EXERCISE PROMPT — Copy nothing before the line that contains "Gold Finish Yellow"; from there, transcribe each line exactly through the end of the material, omitting pictures.

*** Opening GIVEN MATERIAL ***

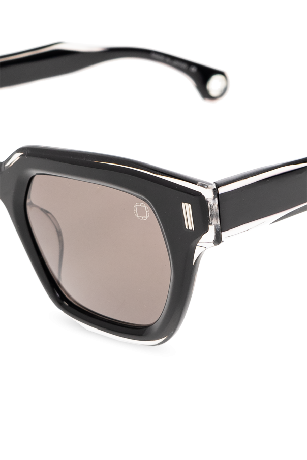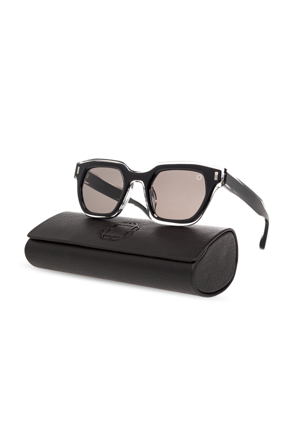 Black ‘Randolph’ sunglasses from Blake Kuwahara. This pair features a square frame, transparent and metal elements, single bridge, integrated nose pads, temples with logo at the tips based on Blake Kuwahara’s Japanese family crest and black gradient lenses with UV protection. Case included. Handmade in Japan.
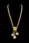 Gold Finish Yellow Stone & Kundan Polki Chain Pendant Necklace Set
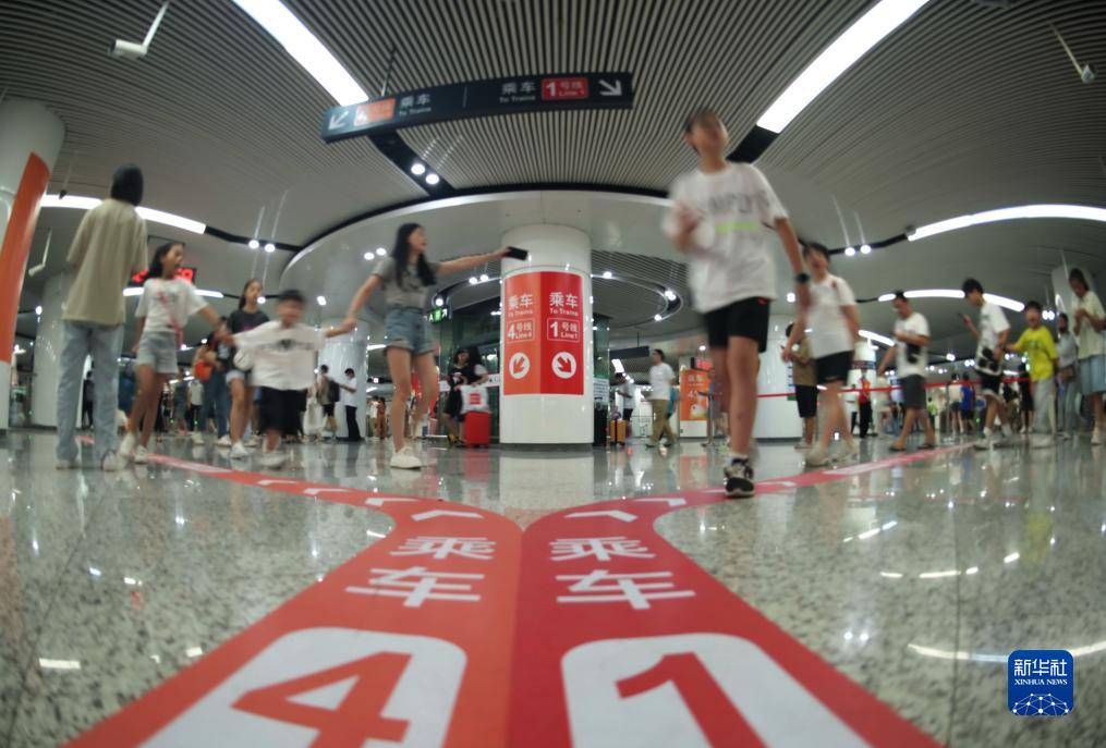 8月27日,乘客在福州地鐵東街口站進行1號線和4號環線換乘。

*** Closing GIVEN MATERIAL ***

TASK RESPONSE —
 Gold Finish Yellow Stone & Kundan Polki Chain Pendant Necklace Set
 8月27日,乘客在福州地鐵東街口站進行1號線和4號環線換乘。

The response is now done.